* RECORDED INFORMATION *
********

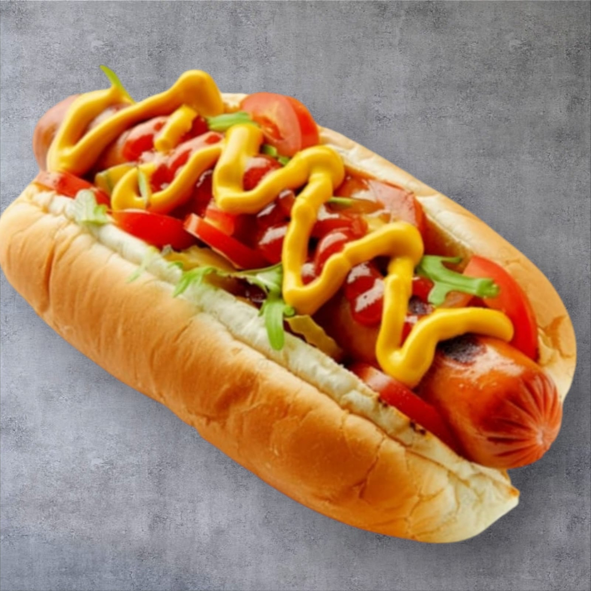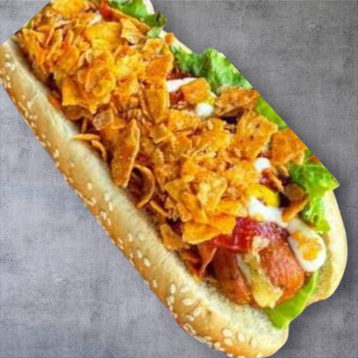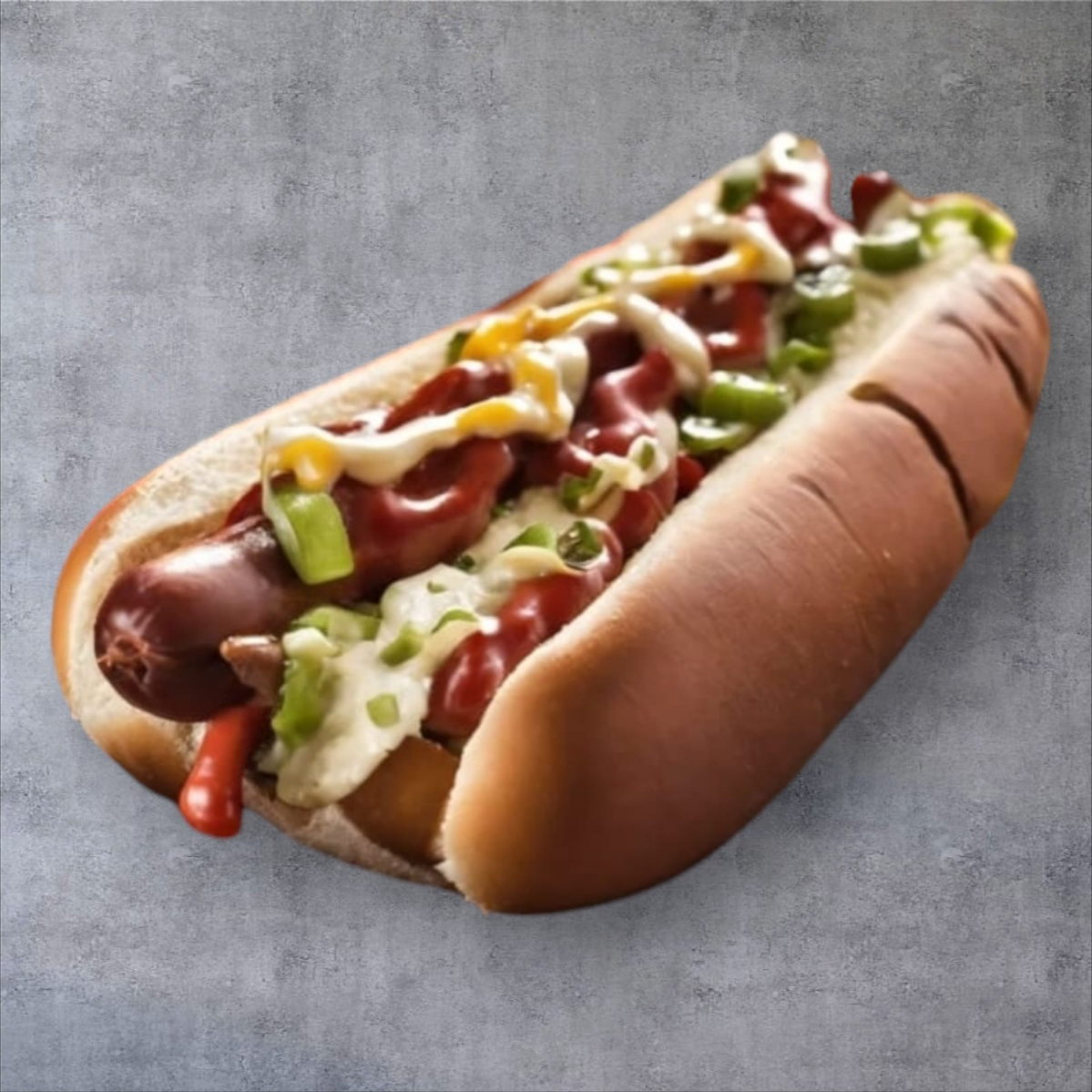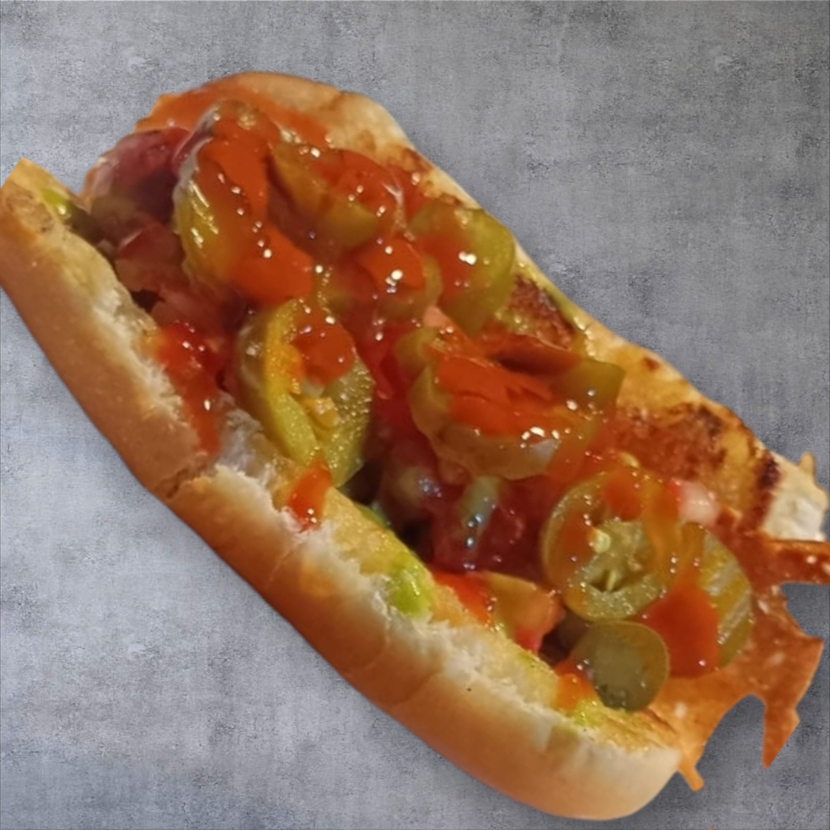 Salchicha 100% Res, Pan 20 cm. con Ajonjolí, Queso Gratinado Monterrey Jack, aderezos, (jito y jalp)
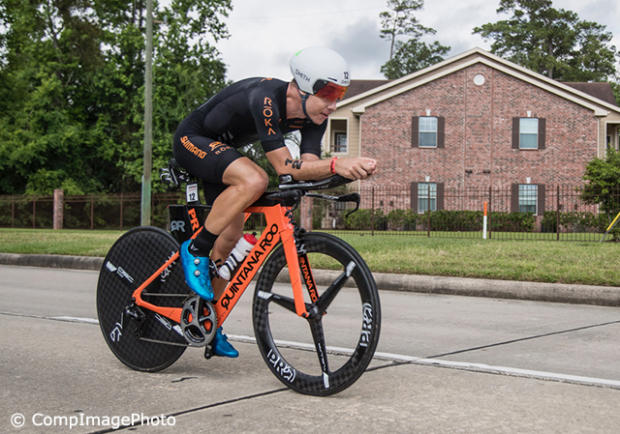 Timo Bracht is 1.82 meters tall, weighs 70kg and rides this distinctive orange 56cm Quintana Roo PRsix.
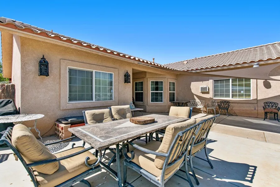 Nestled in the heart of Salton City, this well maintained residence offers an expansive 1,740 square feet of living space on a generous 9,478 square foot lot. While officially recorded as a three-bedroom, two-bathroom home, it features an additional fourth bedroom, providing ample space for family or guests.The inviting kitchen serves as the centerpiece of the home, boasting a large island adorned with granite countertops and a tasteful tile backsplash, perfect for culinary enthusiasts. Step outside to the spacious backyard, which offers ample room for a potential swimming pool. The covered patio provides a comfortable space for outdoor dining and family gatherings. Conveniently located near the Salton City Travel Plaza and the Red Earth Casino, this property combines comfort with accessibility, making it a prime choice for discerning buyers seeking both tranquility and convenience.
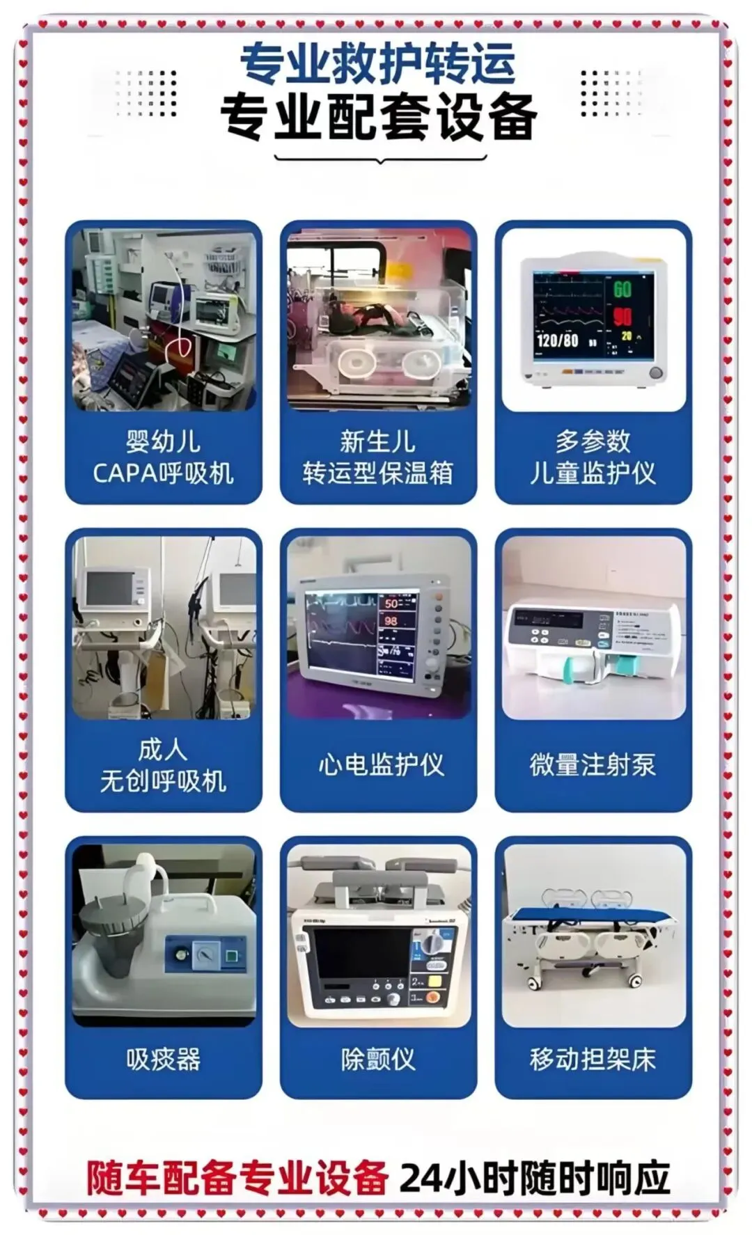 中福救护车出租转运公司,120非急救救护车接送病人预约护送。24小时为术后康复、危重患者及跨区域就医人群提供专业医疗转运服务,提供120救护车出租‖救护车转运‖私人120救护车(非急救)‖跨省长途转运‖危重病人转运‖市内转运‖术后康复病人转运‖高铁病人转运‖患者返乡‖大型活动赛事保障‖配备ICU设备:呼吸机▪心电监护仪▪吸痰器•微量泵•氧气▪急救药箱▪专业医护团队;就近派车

********

* THE PROBLEM *
Return all of the material exactly, without pictures.

* ANSWER BELOW *
 Salchicha 100% Res, Pan 20 cm. con Ajonjolí, Queso Gratinado Monterrey Jack, aderezos, (jito y jalp)
 Timo Bracht is 1.82 meters tall, weighs 70kg and rides this distinctive orange 56cm Quintana Roo PRsix.
 Nestled in the heart of Salton City, this well maintained residence offers an expansive 1,740 square feet of living space on a generous 9,478 square foot lot. While officially recorded as a three-bedroom, two-bathroom home, it features an additional fourth bedroom, providing ample space for family or guests.The inviting kitchen serves as the centerpiece of the home, boasting a large island adorned with granite countertops and a tasteful tile backsplash, perfect for culinary enthusiasts. Step outside to the spacious backyard, which offers ample room for a potential swimming pool. The covered patio provides a comfortable space for outdoor dining and family gatherings. Conveniently located near the Salton City Travel Plaza and the Red Earth Casino, this property combines comfort with accessibility, making it a prime choice for discerning buyers seeking both tranquility and convenience.
 中福救护车出租转运公司,120非急救救护车接送病人预约护送。24小时为术后康复、危重患者及跨区域就医人群提供专业医疗转运服务,提供120救护车出租‖救护车转运‖私人120救护车(非急救)‖跨省长途转运‖危重病人转运‖市内转运‖术后康复病人转运‖高铁病人转运‖患者返乡‖大型活动赛事保障‖配备ICU设备:呼吸机▪心电监护仪▪吸痰器•微量泵•氧气▪急救药箱▪专业医护团队;就近派车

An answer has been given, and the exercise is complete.